对个体 $i$,记 $$ D_i= \begin{cases}1 & \text { if individual } i \text { receives treatment } \\ 0 & \text { if individual } i \text { does not receive treatment }\end{cases} $$ 使用 $Y_i(1), Y_i(0)$ 分别表示这个个体接受、不接受处理的结果值。这个个体的 individual treatment effect 就是 $$ \tau_i = Y_i(1) - Y_i(0) $$ 通常 $Y_i(1), Y_i(0)$ 只有一个能被观测到。我们关心整个群体的 treatment effect:

类型 定义 解释
ATE $ \mathbb{E}[Y(1)-Y(0)] $ 全体平均处理效应
ATT $ \mathbb{E}[Y(1)-Y(0) \mid D=1] $ 接受处理组的平均效应
ATU $ \mathbb{E}[Y(1)-Y(0) \mid D=0] $ 未处理组的平均效应

注意到 $$ \begin{aligned} \tau_{ATT} & = E[Y(1) \mid D=1] - E[Y(0)\mid D=1] \\ & = E[Y(1)] - E[Y(0)] + E[Y(0) \mid D=0] - E[Y(0)\mid D=1] \\ & = \tau_{ATE} + E[Y(0) \mid D=0] - E[Y(0)\mid D=1] \end{aligned} $$

称 $E[Y(0) \mid D=1] - E[Y(0)\mid D=0]$ 为 selection bias。当实验并非完全随机时,选择误差一般不为零。

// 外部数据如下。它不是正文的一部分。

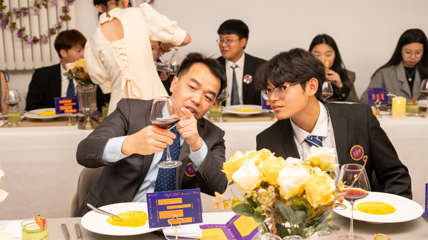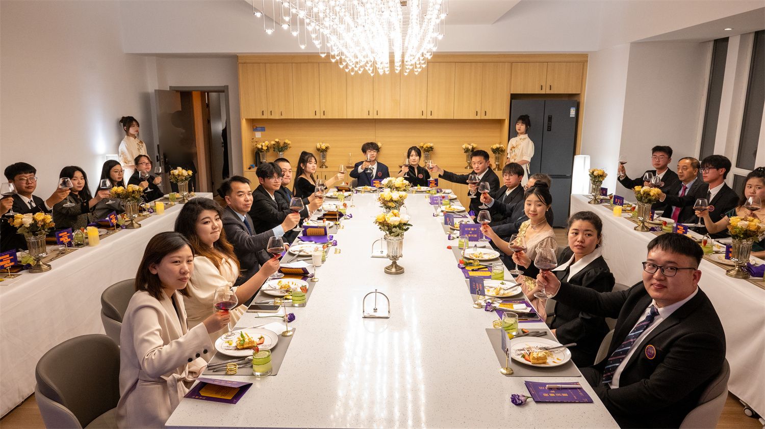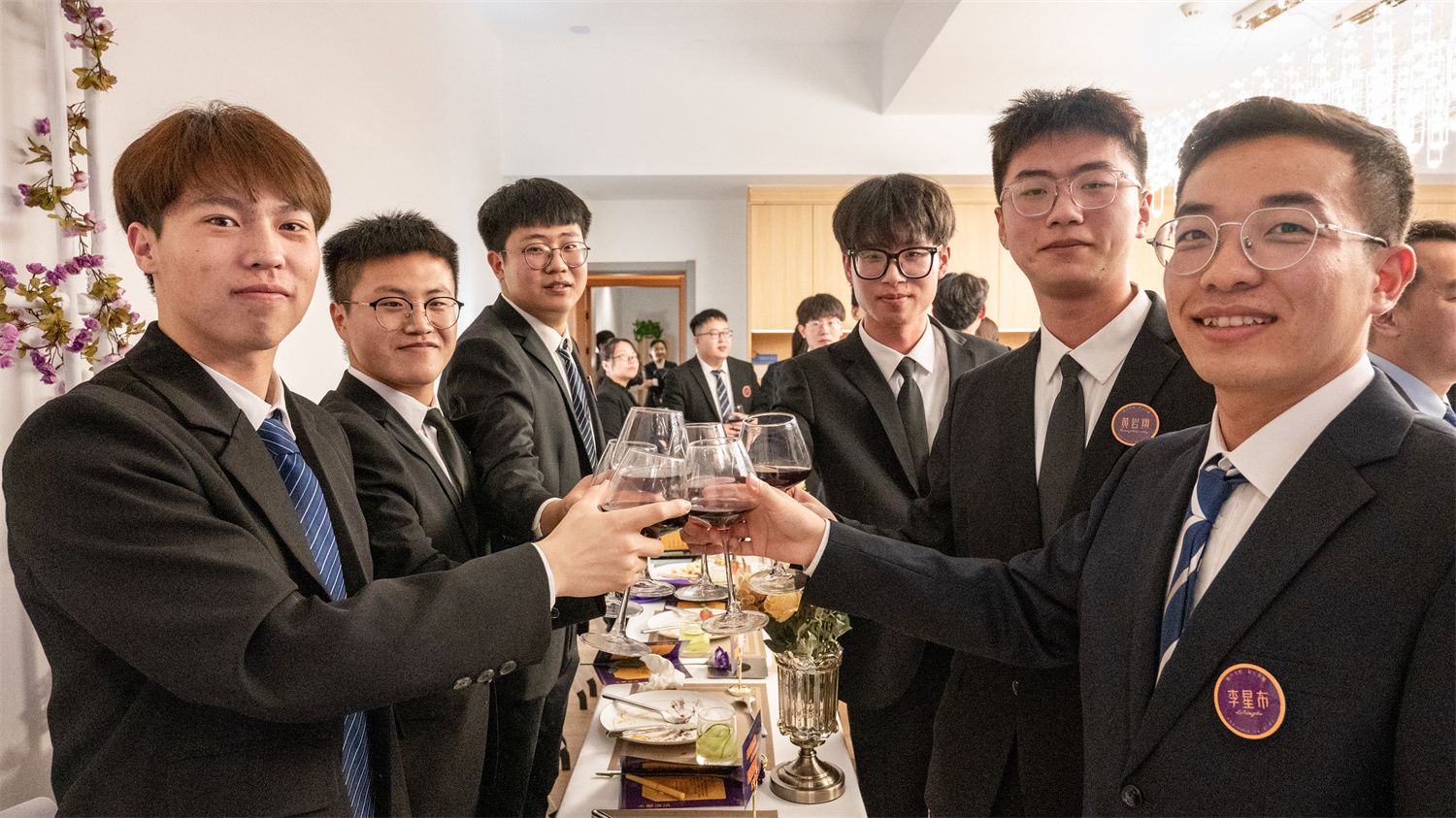 本次晚宴是我校首次于新落成的毣谷书院高桌晚宴厅举办校长共膳,邀请专业的厨师团队于共享厨房现场烹制餐品,充分发挥了我校场域优势的同时,为我校师生打造了一场充满浪漫、温情和优雅的盛宴。在前期准备过程中,也邀请专业的礼仪培训师为学生开展了专业的用餐、服务礼仪培训,致力于提升我校师生跨文化沟通交流能力,在盛宴中收获友谊、自信、从容,在交流中收获启发、感悟、成长。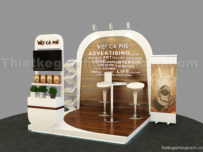 Booth cực chất của Việt Cà Phê là sản phẩm độc đáo mà Viet Art đã thực hiện.Với nhiều năm kinh nghiệm thiết kế booth, gian hàng cho các nhãn hiệu lớn. Chúng tôi hiểu rõ vấn đề của bạn khi thực hiện một chiến dịch marketing. Lập một thời gian biểu chặt chẽ, luôn bám sát deadline. Loại bỏ những khoảng thời gian trao đổi cứng nhắc vô ích bằng những thảo luận và phác thảo ngay tại chỗ nhằm hiểu chính xác vấn đề mà thiết kế cần phải giải quyết, đi đến thiết kế sáng tạo và định hướng đúng mục tiêu. Đó là cách chúng tôi mang đến bạn sự an tâm, giảm áp lực trong một núi công việc cần phải làm trong chiến dịch của bạn.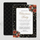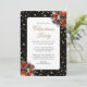 Elegant black and gold Christmas party invitation featuring gold confetti, flowers and Christmas ornaments. Easily personalize this invitation with your party details.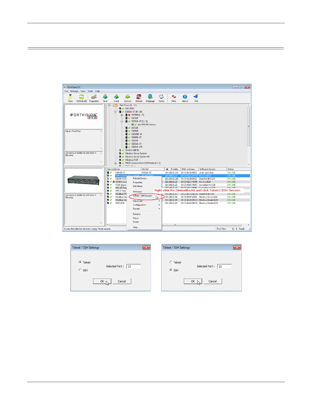 2. Select Telnet or SSH, leave the Selected Port number, and click Ok.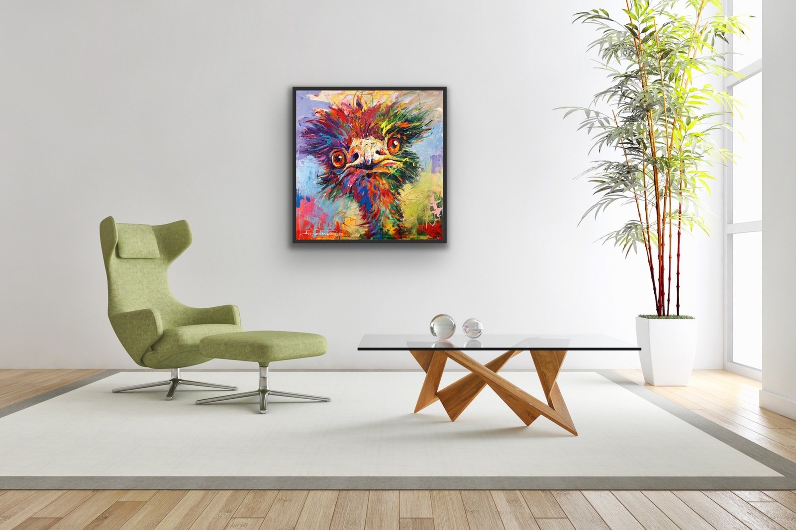 Acrylic on canvas, framed in wood floating frame. 76cmx76cm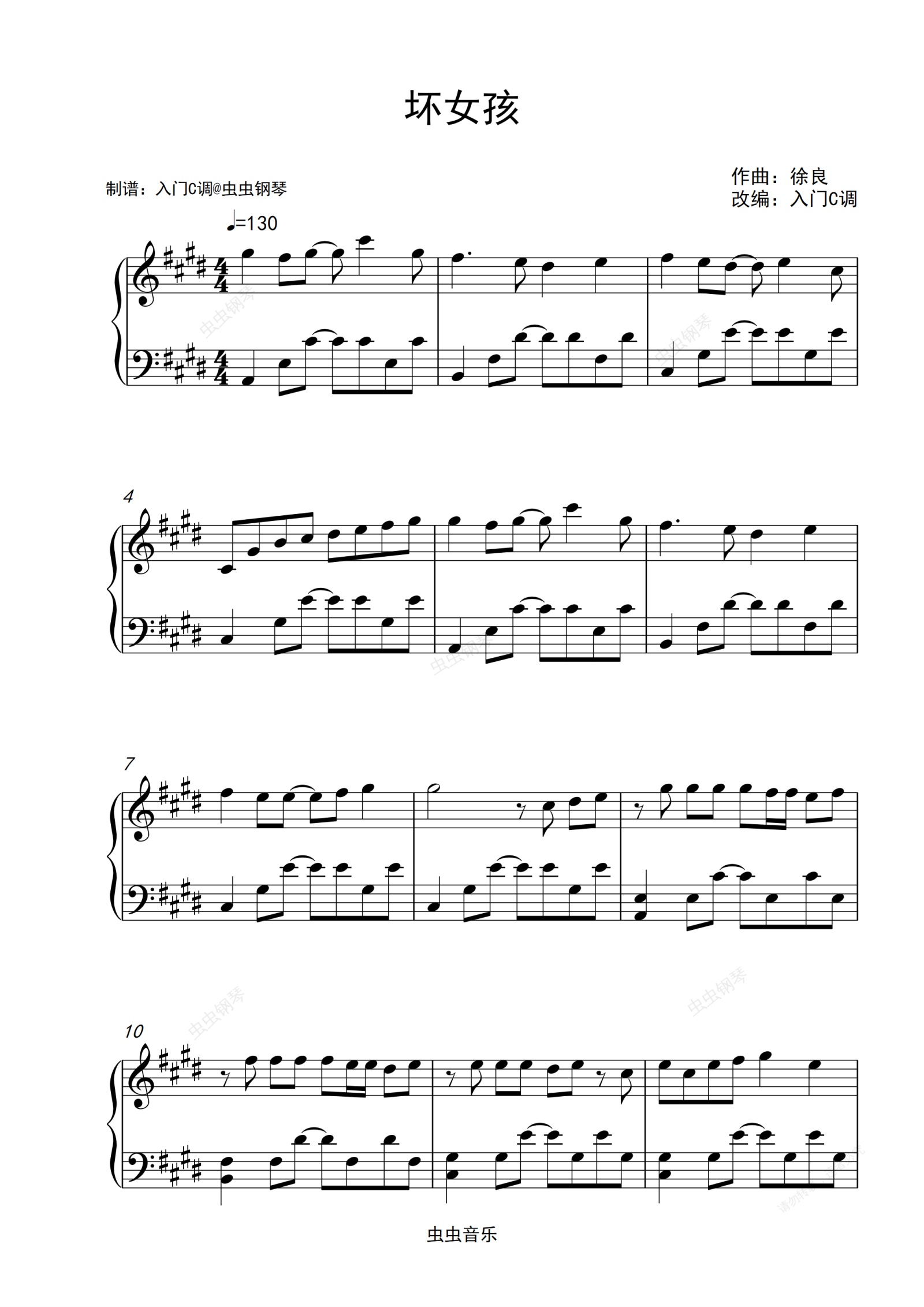 钢琴谱:【90后记忆】徐良《坏女孩》原调简单版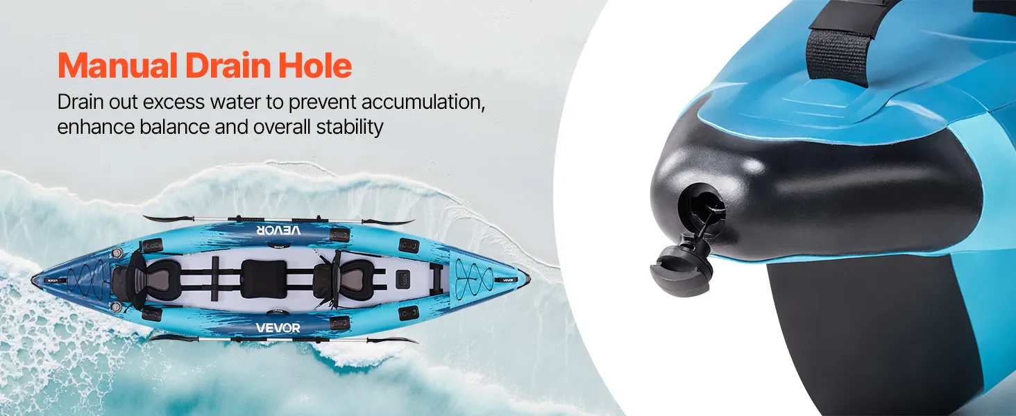 The manual drain holes efficiently drain out excess water, preventing leakage and helping avoid balance issues caused by water accumulation. Enhance overall stability for a safer, smoother paddling experience.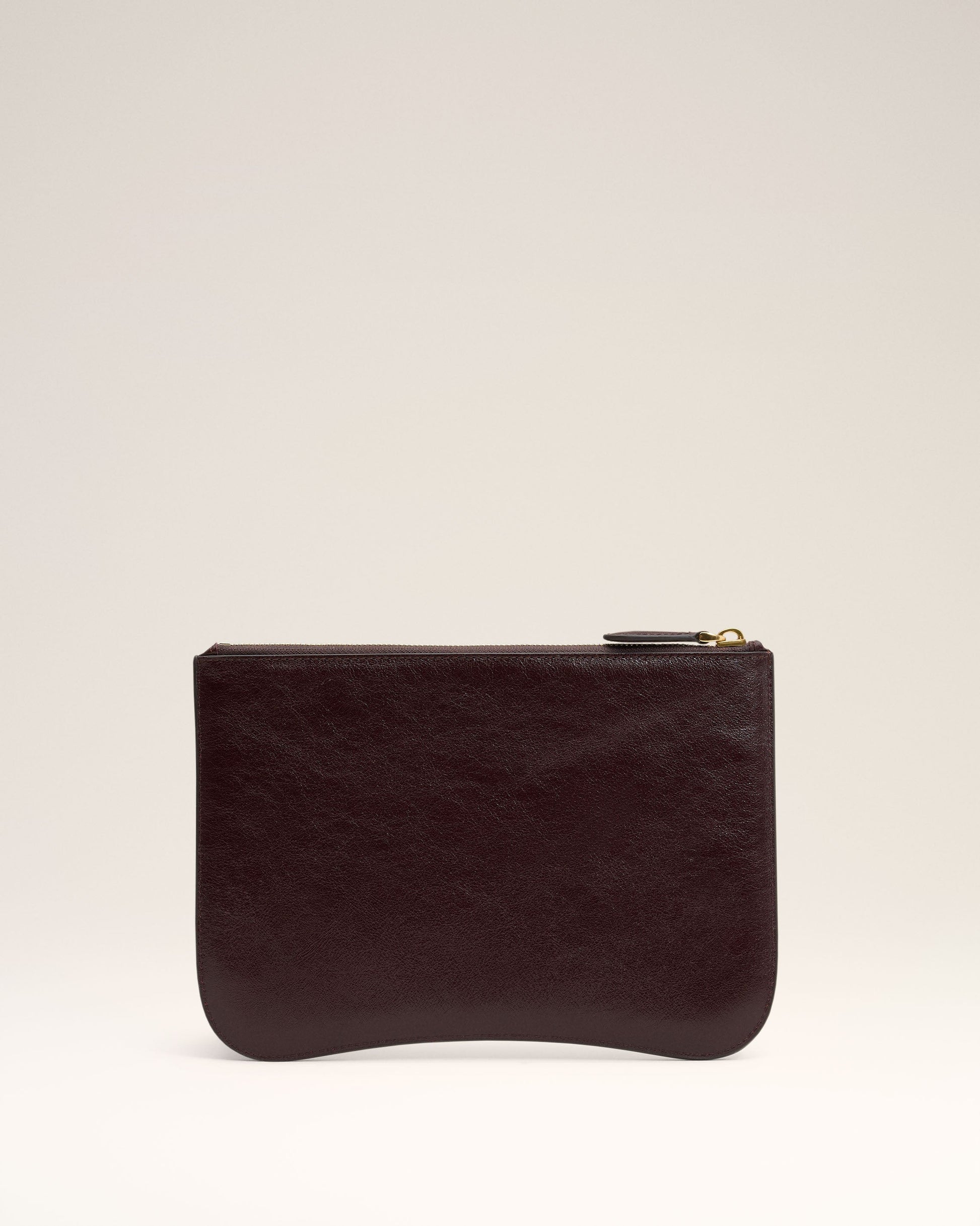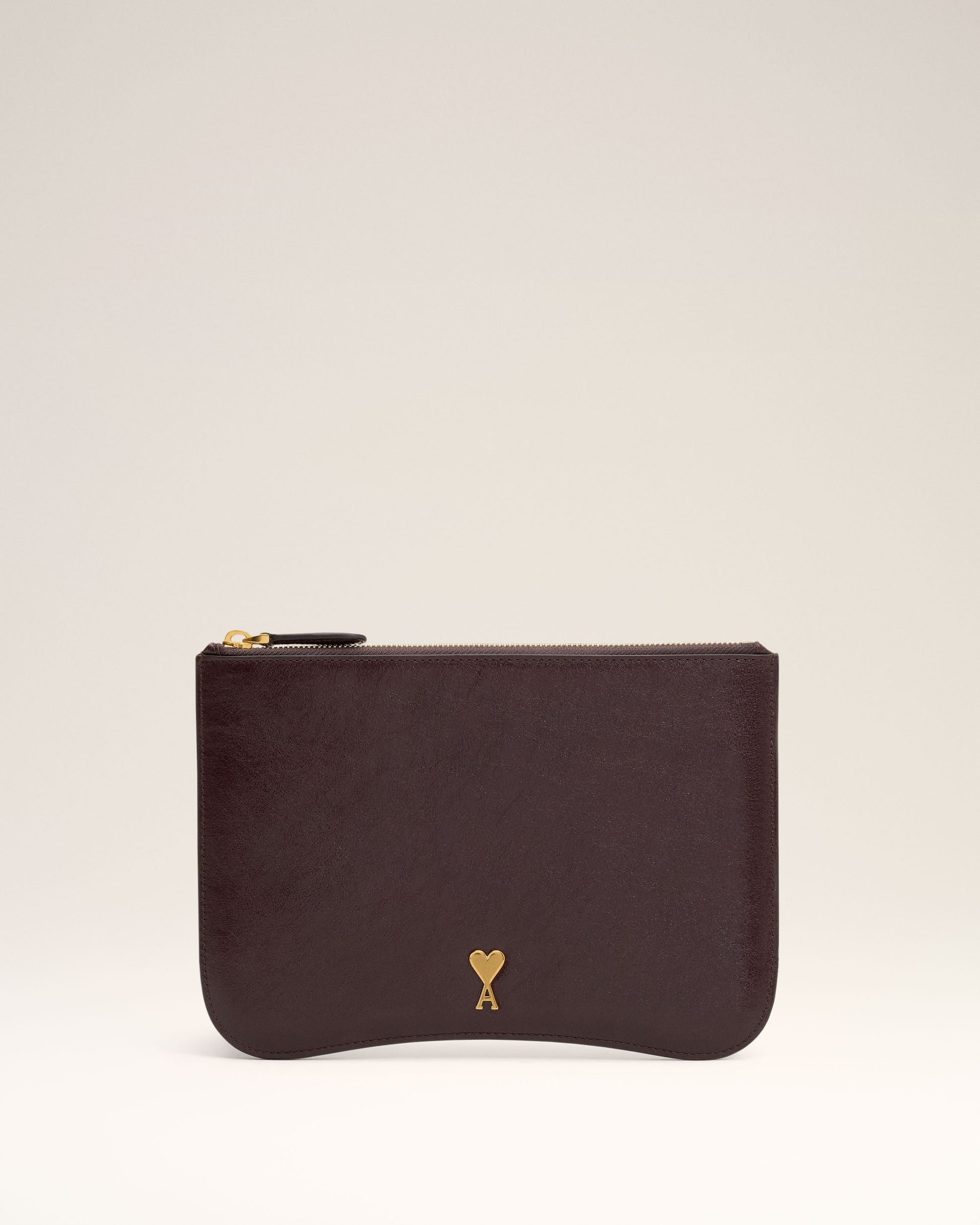 Paris Paris pouch in vegetable-tanned shiny textured leather. Natural patina of the leather Cotton canvas lining Ami de Coeur stud One central compartment with one inside patched pocket Metal hardware in vibrated brass color Size: 25x17.5 cm Made in Morocco (with love) REF: USL025.AL0051.633

实际上,如果某些人知道自己接受 treatment 能有更好/更坏的结果,比如说,某些人知道自己花很多钱去读大学的结果不一定好,这就会导致 $$ E[Y(1) \mid D=1] - E[Y(1) \mid D=0] > 0 $$ 其含义为,会有一部分聪明的学生主动去选择接受大学教育,“主动选择接受大学教育的聪明学生的平均毕业薪资”大于“主动选择不接受大学教育的普通学生如果接受了大学教育的平均毕业薪资”。

selection bias 其实就是 $D$ 与 $Y_0, Y_1$ 不独立,这个是在自然实验中必须要考虑的问题。

如果 $P(D=1) = \pi=1-P(D=0)$,此时有 $$ \tau_{ATE} = \pi \cdot \tau_{ATT} + (1-\pi) \cdot \tau_{ATU} $$ 也就是说 ATE 是 ATT 和 ATU 的加权。

模型假设

SUTVA

SUTVA (Stable Unit Treatment Value Assumption) 是 PO 的经典假设,它由以下两部分组成:

  • No Interference: 每个人的 outcome 只取决于自身的 treatment,不受他人处理的影响
  • Consistency: 如果 treatment 是 $D$,那么outcome $Y=Y(D)$,即观测值与对应潜在结果一致

两个假设合起来就是: $$ Y_i = Y_i(D_i) $$

在研究诸如“肥胖对寿命的影响”时,“肥胖”是 non-manipulable 的,不同的干预措施 $D$ (比如说运动、节食)可以导致相同的“肥胖”结果,但是 $Y(D)$ 不一样(运动和节食对 $Y$ 的影响不一样)[1]

这就会导致 consistency 出问题,这是在用 observational data 做研究时需要注意的事情;这类问题并不会发生在 RCT 中。

Ignorability / Unconfoundedness

$$ (Y_0, Y_1) \perp\kern{-10mu}\perp D \mid X $$ 意味着在控制协变量 $ X $ 后,处理分配完全随机。保证 ATE 可通过观测数据识别。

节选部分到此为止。